Working with the User stories defined by SCRUM was an interesting experience. Initially, I thought it would be self-explanatory, easy and handy to do, but actually it wasn’t at all. Especially keeping each story independent from every other seemed to be an impossible task. Also, to quantify the quality or depth of them was hard, as we hadn’t a clear vision of every aspect of the game in mind. Nevertheless, we agreed on stepping forward despite these issues, in the hope to identify the problems with the additional experience we could get over that very first sprint.

AI Improvements

I utilize Epic’s AI perception system to add “real eyes” to the AI agents. With that system, they are able to spot other actors and act on them through the behavior tree. With my last week’s experiment about multiple AI agents, I discovered an issue about that perception system: EVERY actor, even friendly AI, is spotted by these eyes and taken into account of every calculation the AI does. But I don’t plan to implement actions between AI agents, so I researched for a way to exclude friendly actors from the math to save up a lot of computing power.

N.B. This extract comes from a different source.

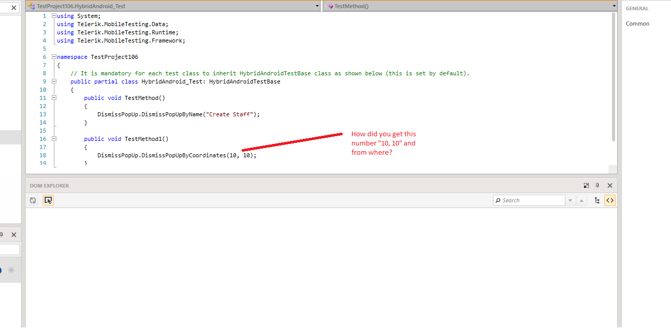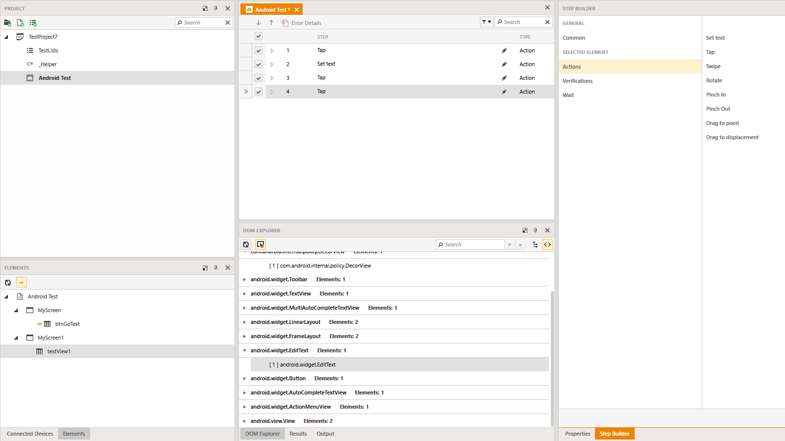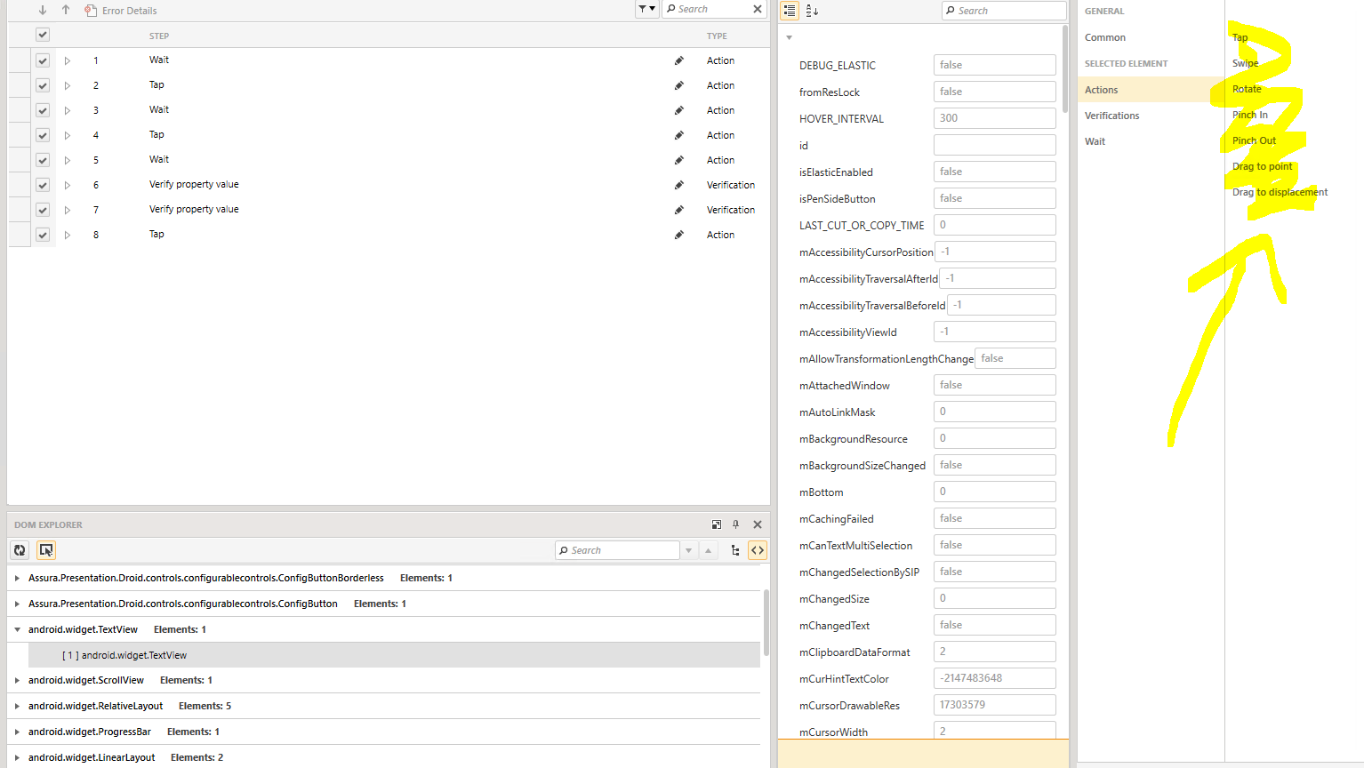 Q3: Sorry for not explaining it properly. I want to set a text in a Text box using code. The reason why I am doing this because sometimes the set text action is not recording when I tap the text box and type something. I am using a real phone to record tests. I have no idea why is this happening. I tried using the DOM tree method and I couldn't find any Set Text option in Action menu (Please look in to the attached image highlighted area in yellow). so that’s why I am planning to use a coded step to set a text in a text box. Can you please let me know how I can use coded step to set a text in a text box?

Epic prepared the IGenericTeamAgentInterface and as such, all the functionalities are only declared, the implementation is up to the class that uses this interface with an override. The documentation towards that interface was quite thin, not to say nonexistent. Several forum threats and other blog entries later, I had it up and running. The main issue with it was basically, that the functions of that interface are called within Epic’s AI Perception System and other controllers without mentioning for what purpose, in which order, how often and so on. In retrospective, I had too many wrong assumptions and that were the reasons why a lot of my bug fixing assumptions could never work. This interface is not exposed to the blueprint system and, luckily, the C++ code needed was just a few lines. All in all, it was a neat entry point in creating my first C++ class for Unreal.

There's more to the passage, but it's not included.